• [What you need to do]: Since the records include pictures, leave those out while you reproduce exactly and only the lines from the one containing "Pensé pour le" through the one containing "The Transit Story", inclusive.
Listed records: Begin
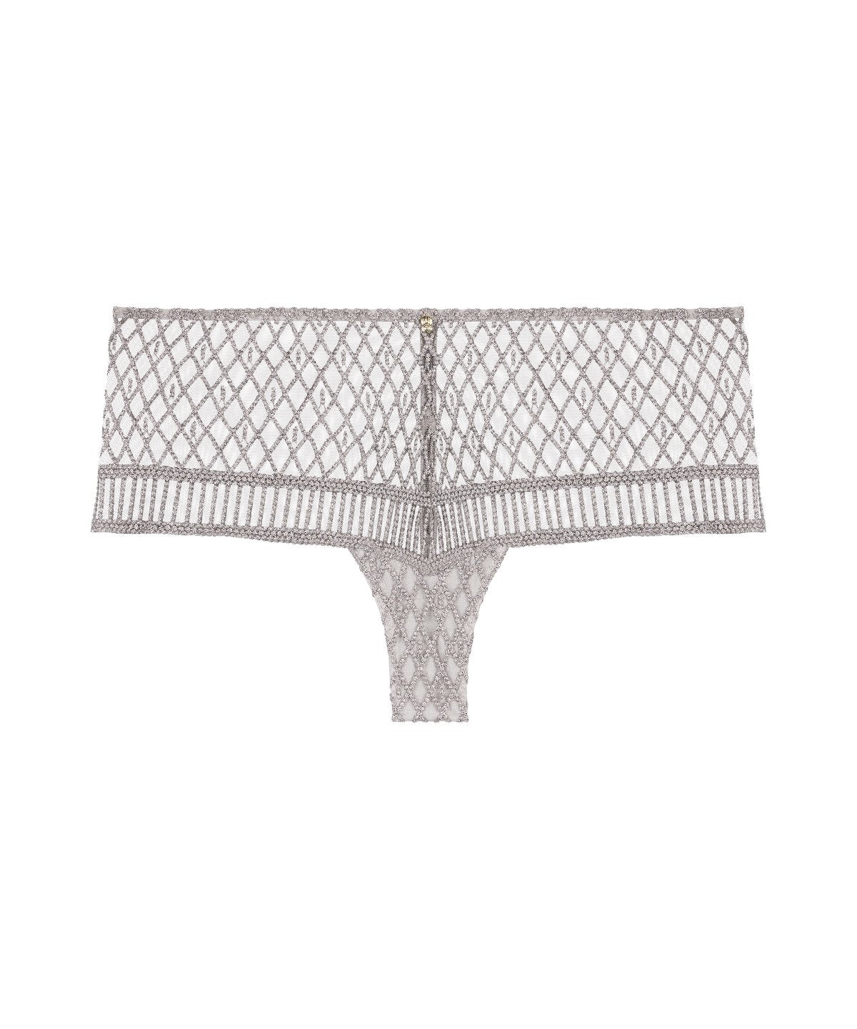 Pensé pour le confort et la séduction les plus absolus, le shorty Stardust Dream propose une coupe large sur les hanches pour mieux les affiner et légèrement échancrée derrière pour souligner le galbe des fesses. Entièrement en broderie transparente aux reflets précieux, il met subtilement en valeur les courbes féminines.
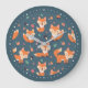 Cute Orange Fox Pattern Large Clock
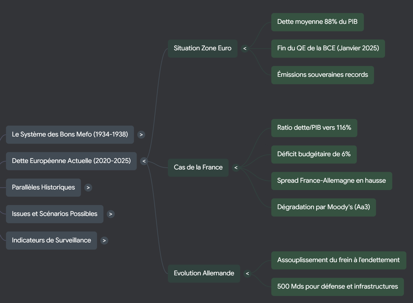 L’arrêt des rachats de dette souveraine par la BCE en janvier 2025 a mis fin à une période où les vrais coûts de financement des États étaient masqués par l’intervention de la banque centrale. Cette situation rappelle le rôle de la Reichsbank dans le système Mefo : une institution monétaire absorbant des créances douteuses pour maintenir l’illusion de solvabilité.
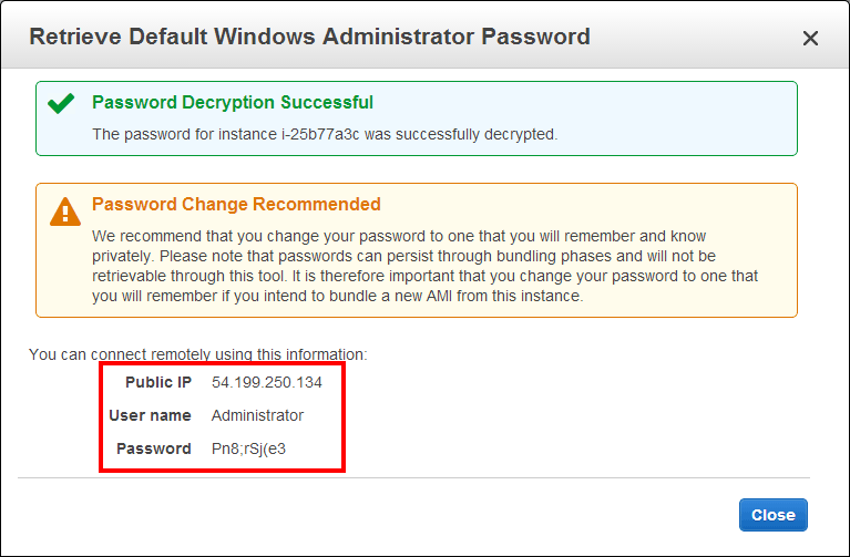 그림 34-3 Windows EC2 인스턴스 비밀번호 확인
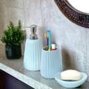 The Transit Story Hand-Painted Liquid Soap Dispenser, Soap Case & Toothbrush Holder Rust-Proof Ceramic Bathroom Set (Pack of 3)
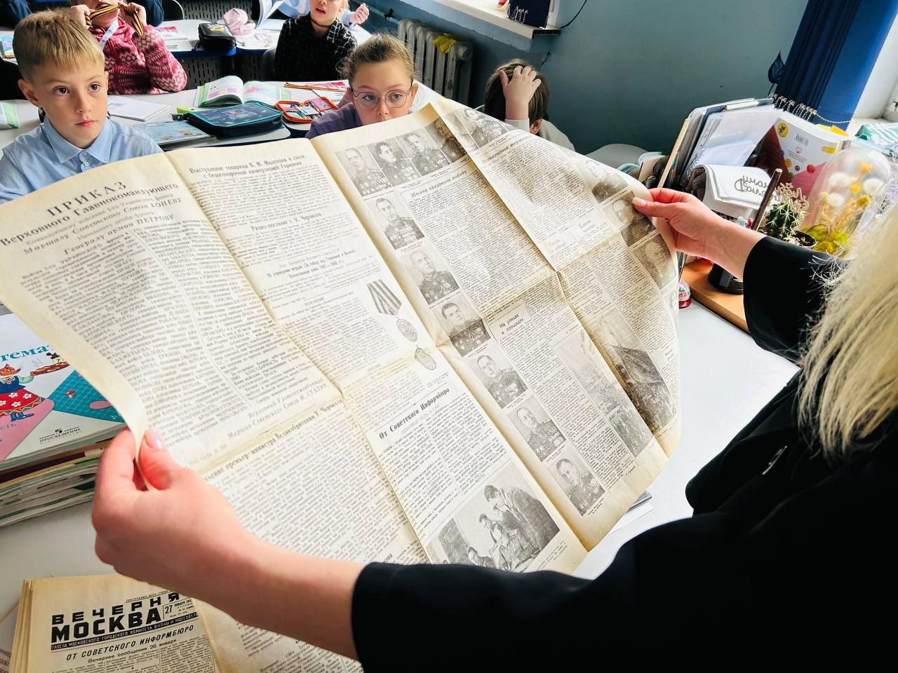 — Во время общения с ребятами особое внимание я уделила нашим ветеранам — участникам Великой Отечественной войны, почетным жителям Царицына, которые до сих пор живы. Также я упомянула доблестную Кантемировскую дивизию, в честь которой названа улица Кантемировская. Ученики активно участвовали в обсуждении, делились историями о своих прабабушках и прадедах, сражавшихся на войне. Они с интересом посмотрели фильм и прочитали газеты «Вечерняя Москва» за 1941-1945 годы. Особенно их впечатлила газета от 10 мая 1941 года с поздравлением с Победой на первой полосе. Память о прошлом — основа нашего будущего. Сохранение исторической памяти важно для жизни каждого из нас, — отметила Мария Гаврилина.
Listed records: End
Listed records: Begin
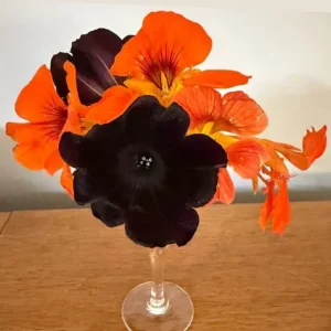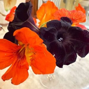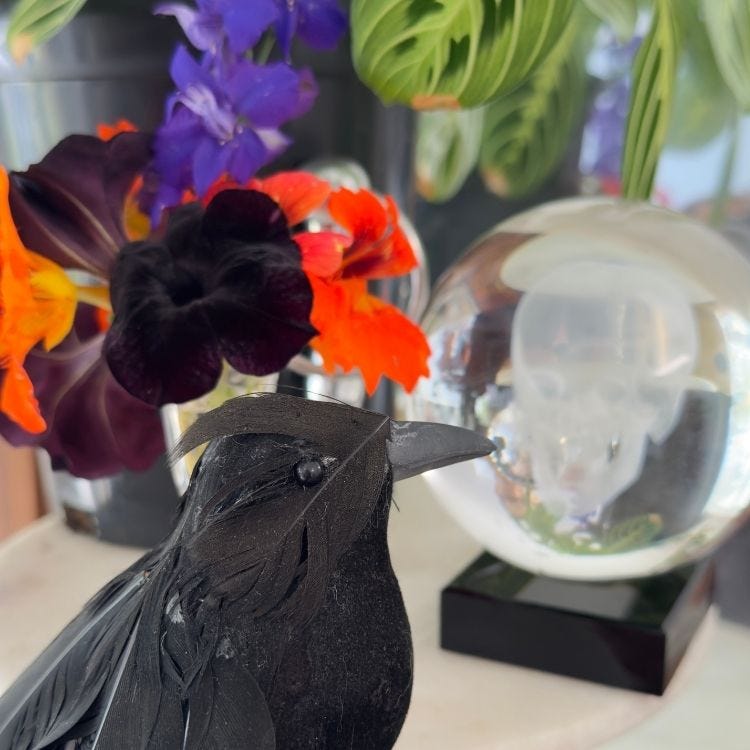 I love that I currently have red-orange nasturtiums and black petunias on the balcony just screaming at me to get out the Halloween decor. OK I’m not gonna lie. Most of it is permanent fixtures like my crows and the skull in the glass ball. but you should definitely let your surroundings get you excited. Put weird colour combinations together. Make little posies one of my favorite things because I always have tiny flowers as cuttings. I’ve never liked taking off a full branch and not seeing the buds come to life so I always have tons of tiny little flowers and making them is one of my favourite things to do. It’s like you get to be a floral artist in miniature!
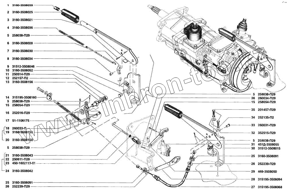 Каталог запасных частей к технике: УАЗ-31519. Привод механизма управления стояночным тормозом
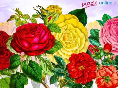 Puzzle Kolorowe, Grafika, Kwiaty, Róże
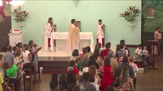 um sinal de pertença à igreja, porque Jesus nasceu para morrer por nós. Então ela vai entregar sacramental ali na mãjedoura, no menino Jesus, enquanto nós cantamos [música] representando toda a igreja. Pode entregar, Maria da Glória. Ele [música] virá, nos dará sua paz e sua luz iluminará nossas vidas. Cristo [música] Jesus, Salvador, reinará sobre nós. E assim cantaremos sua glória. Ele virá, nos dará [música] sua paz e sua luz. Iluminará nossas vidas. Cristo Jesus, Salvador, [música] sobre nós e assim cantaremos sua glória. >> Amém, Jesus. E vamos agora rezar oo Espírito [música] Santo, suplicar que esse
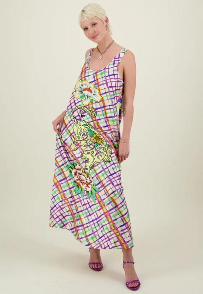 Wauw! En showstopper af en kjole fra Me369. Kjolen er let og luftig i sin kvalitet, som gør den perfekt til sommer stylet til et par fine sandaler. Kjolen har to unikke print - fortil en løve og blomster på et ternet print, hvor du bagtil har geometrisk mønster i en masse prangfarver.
Listed records: End
Listed records: Begin
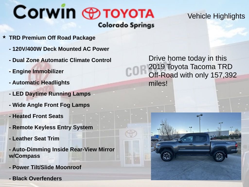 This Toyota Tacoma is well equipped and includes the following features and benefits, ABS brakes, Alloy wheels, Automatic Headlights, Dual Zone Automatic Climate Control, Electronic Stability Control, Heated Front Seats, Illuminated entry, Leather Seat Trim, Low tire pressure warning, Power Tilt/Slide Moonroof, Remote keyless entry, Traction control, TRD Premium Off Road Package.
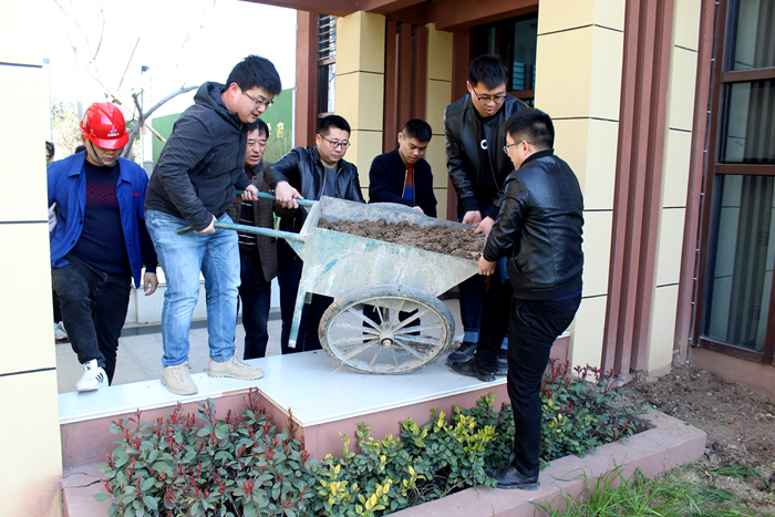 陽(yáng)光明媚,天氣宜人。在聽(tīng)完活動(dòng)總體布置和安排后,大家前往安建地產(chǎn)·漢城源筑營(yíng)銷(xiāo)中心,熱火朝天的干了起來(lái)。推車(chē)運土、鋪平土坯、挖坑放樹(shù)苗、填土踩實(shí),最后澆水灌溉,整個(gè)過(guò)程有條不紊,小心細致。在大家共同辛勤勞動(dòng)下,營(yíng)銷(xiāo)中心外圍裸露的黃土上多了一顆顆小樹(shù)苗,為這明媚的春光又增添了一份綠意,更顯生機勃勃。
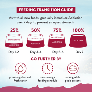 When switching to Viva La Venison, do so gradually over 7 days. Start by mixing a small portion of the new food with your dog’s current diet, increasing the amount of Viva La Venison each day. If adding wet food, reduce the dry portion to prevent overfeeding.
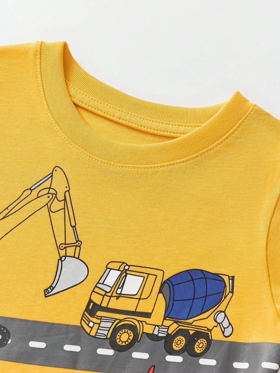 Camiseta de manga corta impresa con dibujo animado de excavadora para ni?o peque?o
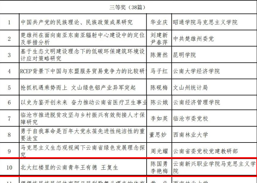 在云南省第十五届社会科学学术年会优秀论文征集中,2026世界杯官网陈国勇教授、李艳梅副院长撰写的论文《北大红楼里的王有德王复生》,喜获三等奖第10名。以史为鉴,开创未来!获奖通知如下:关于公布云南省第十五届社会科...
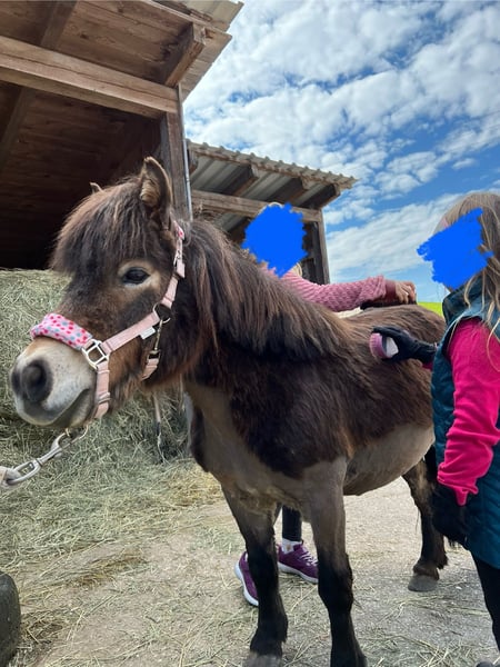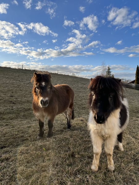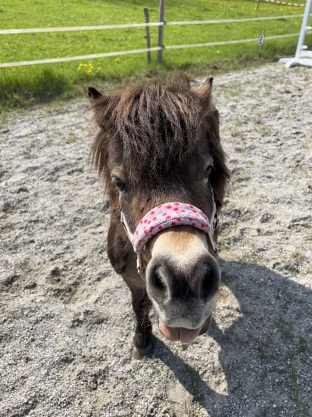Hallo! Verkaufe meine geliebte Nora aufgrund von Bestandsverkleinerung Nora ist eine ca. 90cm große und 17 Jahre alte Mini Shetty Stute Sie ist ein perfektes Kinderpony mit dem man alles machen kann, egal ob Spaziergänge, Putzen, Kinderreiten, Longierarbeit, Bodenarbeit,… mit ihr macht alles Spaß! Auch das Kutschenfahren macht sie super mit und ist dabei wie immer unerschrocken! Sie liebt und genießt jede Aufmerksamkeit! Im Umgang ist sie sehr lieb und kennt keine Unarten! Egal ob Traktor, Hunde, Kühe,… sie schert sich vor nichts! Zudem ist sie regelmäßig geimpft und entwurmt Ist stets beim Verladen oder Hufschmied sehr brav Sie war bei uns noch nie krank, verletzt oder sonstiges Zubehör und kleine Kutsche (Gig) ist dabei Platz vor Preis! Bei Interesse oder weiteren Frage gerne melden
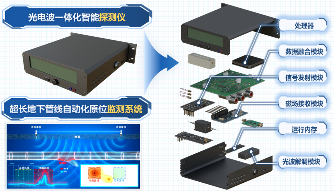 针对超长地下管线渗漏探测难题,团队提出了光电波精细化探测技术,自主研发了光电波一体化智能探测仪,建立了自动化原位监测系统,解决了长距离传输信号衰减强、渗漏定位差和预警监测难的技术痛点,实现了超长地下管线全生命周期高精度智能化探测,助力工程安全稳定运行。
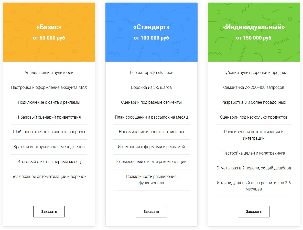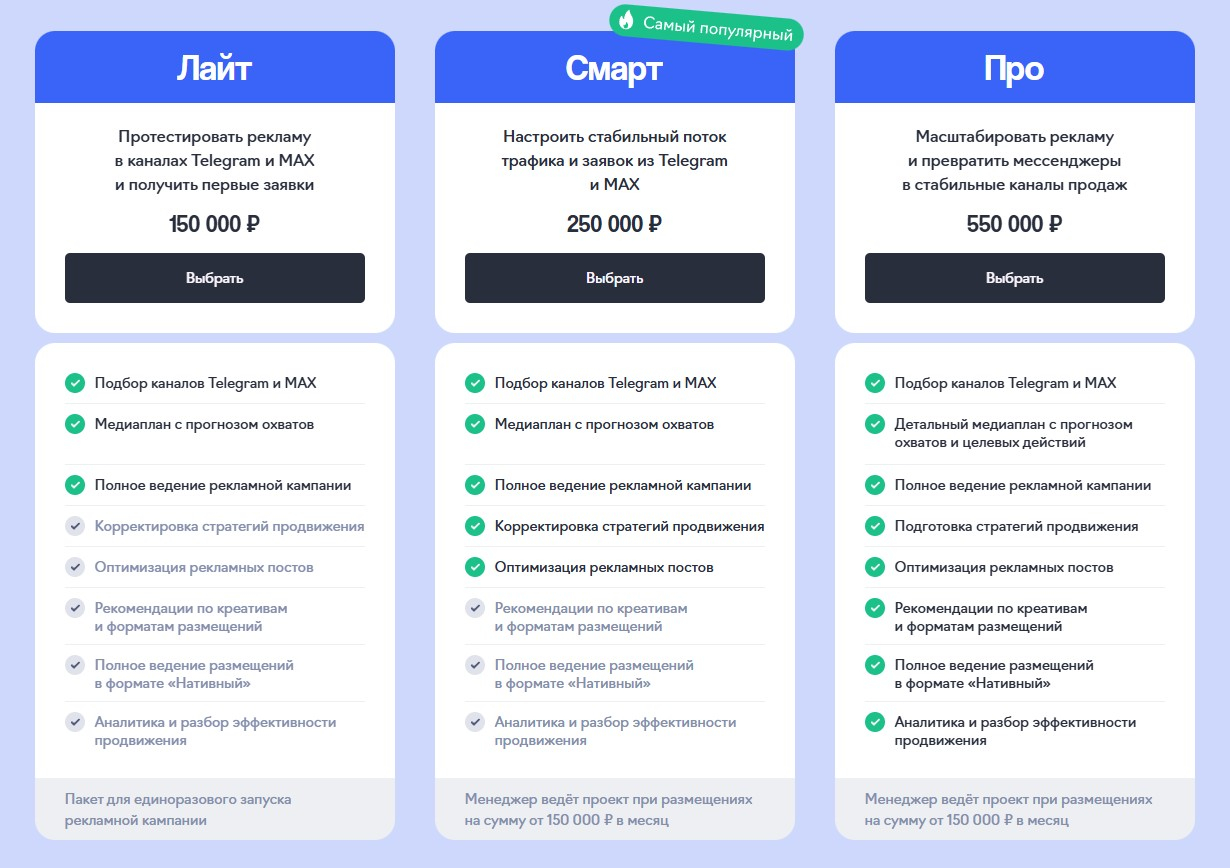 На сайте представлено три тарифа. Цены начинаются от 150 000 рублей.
Listed records: End
• [Finished task]:
 Pensé pour le confort et la séduction les plus absolus, le shorty Stardust Dream propose une coupe large sur les hanches pour mieux les affiner et légèrement échancrée derrière pour souligner le galbe des fesses. Entièrement en broderie transparente aux reflets précieux, il met subtilement en valeur les courbes féminines.
 Cute Orange Fox Pattern Large Clock
 L’arrêt des rachats de dette souveraine par la BCE en janvier 2025 a mis fin à une période où les vrais coûts de financement des États étaient masqués par l’intervention de la banque centrale. Cette situation rappelle le rôle de la Reichsbank dans le système Mefo : une institution monétaire absorbant des créances douteuses pour maintenir l’illusion de solvabilité.
 그림 34-3 Windows EC2 인스턴스 비밀번호 확인
 The Transit Story Hand-Painted Liquid Soap Dispenser, Soap Case & Toothbrush Holder Rust-Proof Ceramic Bathroom Set (Pack of 3)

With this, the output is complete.